Here is an example of SQL code that retrieves information about a particular user from a database: 

`SELECT id, name, email, country, phone_number FROM users WHERE id = 20`

This code returns specified information about this user from a table called "users" using the WHERE clause where we specified that id = 20 for this user. 

On the other hand, an ORM tool can do the exact same query with much shorter code! 

`users.GetById(20)`

<br>
<br>
Let's install `sqlite` first! 

- On Mac, open terminal, then run `brew install sqlite3`
- On Windows, follow this tutorial: https://www.guru99.com/download-install-sqlite.html

Now we can install this library `sqlalchemy` for python. 

- Check tutorial: http://pythoncentral.io/introductory-tutorial-python-sqlalchemy/
- Find documentation: https://www.kite.com/python/docs/

<br>
<br>

In [1]:
# !pip3 install sqlalchemy
import sqlalchemy

import warnings
warnings.filterwarnings('ignore')

##### 1. Establish connectivity using the Engine

The engine is typically a global object created using `create_engine()` just once for a particular database. 

In [2]:
# Make sure to change to your directory
engine = sqlalchemy.create_engine('sqlite:///players.db')

The parameter `echo = True` makes SQLAlchemy log all SQL commands it is doing while you apply commands. 

For now, I'm just turning it off to make the cell output cleaner. 

The database will be intact, until you execute the commands. 

##### 2. Instantiate a Base

With the help of ORM tools, we don't need to write SQL queries anymore. 

Everything is done using a declarative system. 

The `Base` class maintains a catalog of all the tables and classes (i.e. structures of the database). 

More information: https://stackoverflow.com/questions/1279613/what-is-an-orm-how-does-it-work-and-how-should-i-use-one

In [3]:
from sqlalchemy.ext.declarative import declarative_base
Base = declarative_base() 

In our database, each class is a table. Each attribute is a column in the table. 

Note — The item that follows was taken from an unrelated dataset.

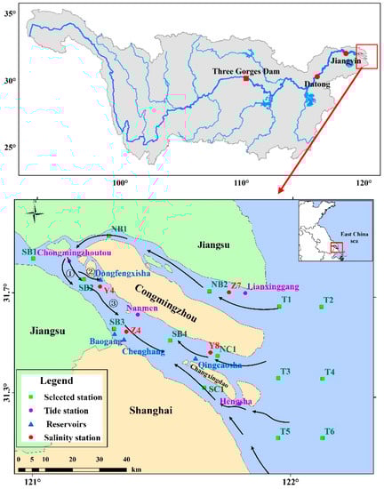 - Chen, J.; Xu, H. Impacts of the yangtze river threegorge hydroengineering works on the Yangtze Estuaky. Pesources Enuiron. Yangtza Valley 1995, 03, 242–246. [Google Scholar]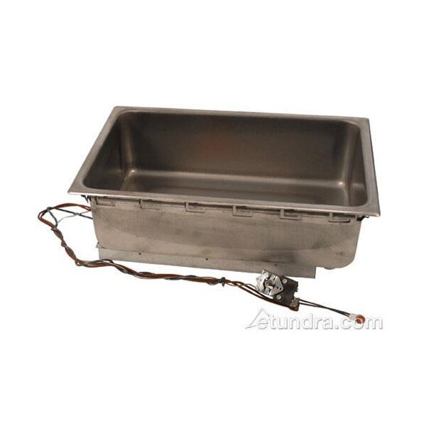 Fits 12 3/8" x 20 3/8" hole; 12" x 20" top opening to fit standard pans; 1200 watts; Stocked as 120V (please call if requesting 208/240V); Includes thermostat and drain; Designed for wet & dry operation; Stainless steel water pan; Fits most steam table cutouts; NSF certified

A brief note on the table relations in SQL. 
1. One-to-one: one record of a table is linked to zero or one record of another table. 
    - A student can only have one student ID and one grade for a particular course. 
2. One-to-many: one record of a table can be mapped to multiple rows of another table. 
    - A student can have multiple emails of different type, e.g. school email, personal email, etc. 
3. Many-to-many: each row in a table can map to multiple rows in another table and vice versa. 
    - A student can know how to use several programming languages like R, Python, Julia. 
    - And one programming language (e.g. Python) can be mapped to multiple students who have the same skills. 


<br>

#### 3. Create our tables

Let's create a one-to-many example:   
One basketball team can have many players in each of them, but one player can only play for one basketball team. 

We need: 
1. Two tables: one for players, and one for teams
2. Foreign key on players to reference unique team ID (primary key for teams)
3. relationship() method to specify 

In [4]:
from sqlalchemy import Column, Integer, String, ForeignKey
# Create a table for Players
# Our Player table has 4 columns: ID, Name, Number, and Team ID
class Player(Base):
    __tablename__ = 'players'

    ## At first, only specify data types for the columns
    ## primary_key is unique, non-nullable identifier for row
    ## Have an ID column because player attributes (name, etc) are not unique
    ## At least 1 primary_key per table
    id = Column(Integer, primary_key = True) 
    name = Column(String)
    number = Column(Integer)
    
    ## ForeignKey tells us we have a relationship with another table ("teams") by the ("id") variable
    ## This info constrained to only come from that table
    ## What we are referencing is usually the primary key for that table
    team_id = Column(Integer, ForeignKey("teams.id")) 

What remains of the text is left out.